Mickey Mouse became the company’s international symbol. When President Richard Nixon handed the widow a gold Commemorative Medal honoring her husband at a White House ceremony in 1969, it was etched with a profile of Walt Disney on one side and Mickey Mouse on the reverse.

“Mrs. Disney was a full-time partner to Walt, and we are all grateful for her contributions in the creation of Mickey Mouse and the Disney Co. and for the example she set for family life and community service,” company Chairman Michael D. Eisner said Wednesday. “Lillian and Walt Disney and Edna and Roy Disney were pioneers in turning a creative vision through hard work and sacrifice into an American institution. For that, the world is grateful.”

Always supportive of the arts, Lillian Disney on May 13, 1987, announced the memorial she envisioned for her husband--a world-class concert hall for the city where he had flourished. She handed the Music Center of Los Angeles County $50 million and asked that Walt Disney Concert Hall be built across 1st Street from the Dorothy Chandler Pavilion.

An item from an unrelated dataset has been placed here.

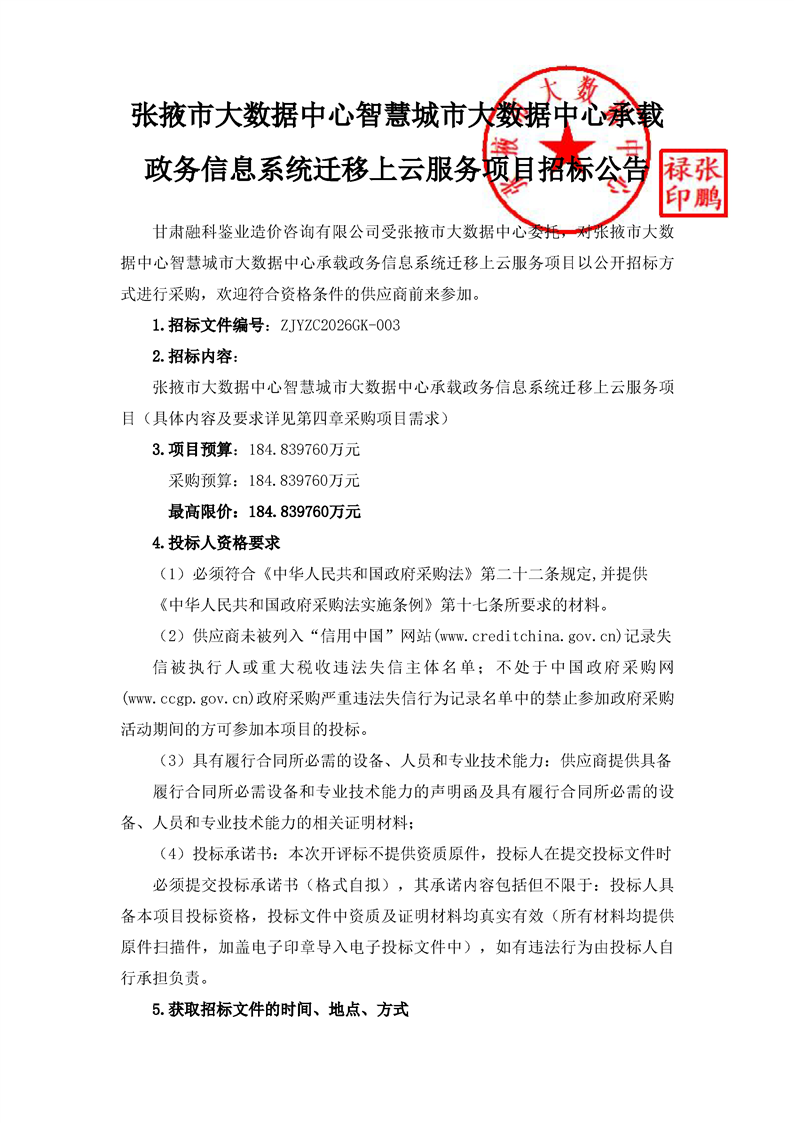 张掖市大数据中心智慧城市大数据中心承载政务信息系统迁移上云服务项目招标公告

“I have always had a deep love and admiration for my husband, and I wanted to find a way to honor him, as well as give something to Los Angeles which would have lasting qualities,” she said in announcing the gift. “Walt was active in the formation of the Music Center, and Los Angeles was always the heart and soul of his many businesses and philanthropic endeavors. The thought that a concert hall would be built that would entertain the public with the finest musical offerings would be enormously gratifying to him.”

Lillian Disney’s requirements were simple--a hall for the masses, not the elite, and, because of her love of music and flowers, perfect acoustics and a garden.

The generous donation stemmed from the $47 million set aside for an unspecified charitable gift in 1982 when the family company, Retlaw Enterprises, sold the rights to Walt Disney’s name and likeness to the Walt Disney Co.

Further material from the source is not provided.